場面7. サブスクリプションを解約し、有効期限切れ後に再契約したとき
サブスクリプションを契約していたことがあるユーザが、サブスクリプションを再開するようなケースです。
要点:
・XcodeテストとSandboxテストで差異は無い。
・再契約後にpaymentQueue(_:updatedTransactions:)が呼ばれる(transactionState=.purchased)。
※サブスクリプション管理画面で再契約する場合は、アプリをフォアグラウンドにした時(システムダイアログは表示されない)
※アプリ内で購入手続きをする場合は、購入手続き直後
・再契約時のOriginal Transaction IDは、そのApple IDで初めて当該サブスクリプションを契約したときのTransaction IDと同じ値になる。
・再契約時のTransaction IDは1回目の契約時とは異なる値になる。
場面7-1. サブスクリプション管理画面で再契約する場合
手順:
1. アプリ内で初回のサブスクリプションを購入する
2. サブスクリプションをキャンセルする
3. 有効期限が切れる
4. サブスクリプション管理画面で再契約する
[Xcodeテスト]
最初に、1回目のサブスクリプションを開始します。この例では、transactionStateが.purchasedのTransactionのTransaction IDは「12」、Original Transaction IDは「nil」であることがログからわかります。
▼初回サブスクリプション開始
paymentQueue(_:updatedTransactions:) >>>>>>>>>> [15:31:57]
---------- transaction[0] ----------
Transaction ID = nil, State = .purchasing
Original Transaction ID = nil, State = nil
transaction.error = nil
paymentQueue(_:updatedTransactions:) <<<<<<<<<< [15:31:57]
paymentQueue(_:updatedTransactions:) >>>>>>>>>> [15:32:33]
---------- transaction[0] ----------
Transaction ID = Optional("12"), State = .purchased
Original Transaction ID = nil, State = nil
transaction.error = nil
paymentQueue(_:updatedTransactions:) <<<<<<<<<< [15:32:33]

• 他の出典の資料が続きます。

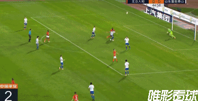 第50分钟,鲁能界外球掷出,格德斯回做一下,外围右侧王彤传中,佩莱头球攻门被张烈没收。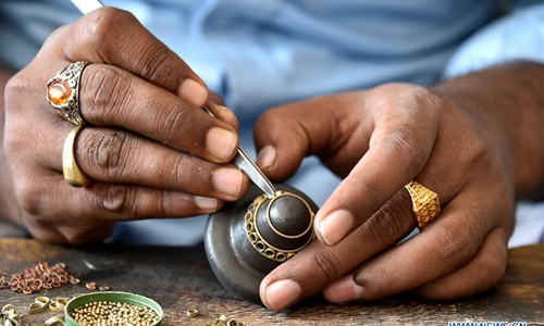 An artisan shows a handcrafted necklace at Vakurta in Savar on the outskirts of Dhaka, Bangladesh on Feb. 10, 2020. Vakurta in Savar is a place highly regarded for its exquisite jewelry and ornaments made by local artisans using methods passed on from one generation to the next. The rural village, which lies 30 minutes' ride away from Dhaka, is Bangladesh's nucleus of traditional jewelry artisans and craftsmen. (Str/Xinhua)

1回目のサブスクリプション期間中にXcodeのTransaction Managerでサブスクリプションをキャンセルします。そしてアプリをバックグラウンドにして、有効期限を過ぎてから、Transaction Managerでサブスクリプションを再開させます。
ここからは場面6-1(有効期限内に管理画面で購入手続き)と同じです。
その後、アプリをフォアグラウンドにすると、paymentQueue(_:updatedTransactions:)が呼ばれます。このとき、transactionStateは.purchasedです。また、この例ではTransaction IDは「13」、Original Transaction IDは「12」です。このように、2回目以降の購入時には、Original Transaction IDには初回のサブスクリプションのTransaction IDが入ります。この点がiOSのアプリ内課金の特徴です。なお、Transaction IDには別の値が入ります。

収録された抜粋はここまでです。